Get your kicks at the start of Route 66

James Lileks of the Minneapolis Star Tribune is a scanner without peer. His personal website is the Way to Start a Day, as far as I am concerned. Today he mentioned an addition to his section on the 1933 Chicago World's Fair, "A Century of Progress." He had access to a scrapbook kept by Edith Mary Sanderson of Bigelow, Minnesota, and has begun to post its contents. Mrs. Sanderson annotated her family's picnic lunches and tours and includes receipts when available. You Are There!


My dad actually was. I have his collection of pamphlets, etc., from that adventure. And there are a few snapshots his Aunt Ethel took of him. That's him behind those Foster Grants, sporting a souvenir cane.

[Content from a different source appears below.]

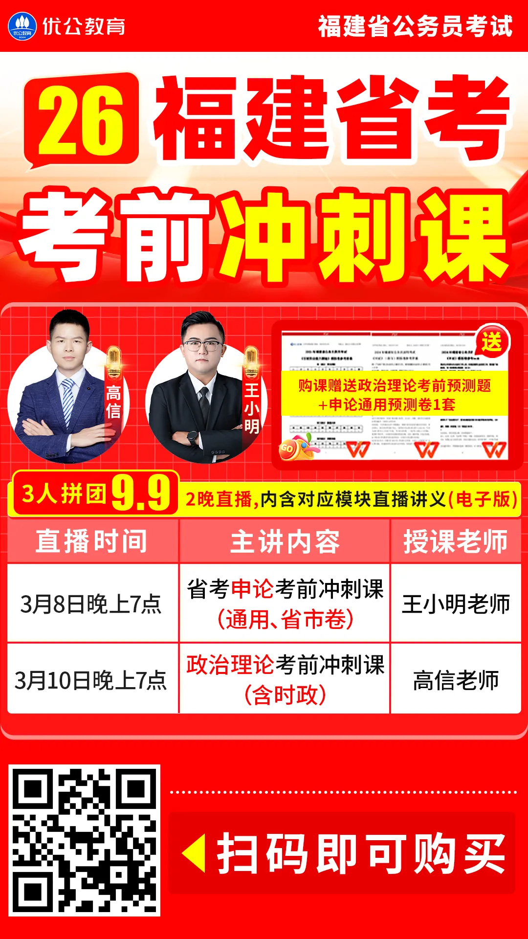 福建省考冲刺直播 ✅3月8日晚上19点:省考申论冲刺课

UPDATE: I read Lileks first thing and the next day I check for comments from the preceding post. Edith Mary Sanderson was the daughter. Her name is the one inked in on the scrapbook cover. But I am sure the annotator was her mother, since Edith Mary was only 10 at the time and the narrative style is that of a mother -- the keeper of the purse (and receipts) and the packer of the picnic lunches. You have to read down a ways in the Comments to get to the sort of "research" I enjoy, the post where someone shares that Edith was born in 1923, has never married, and was a nutritionist/dietitian.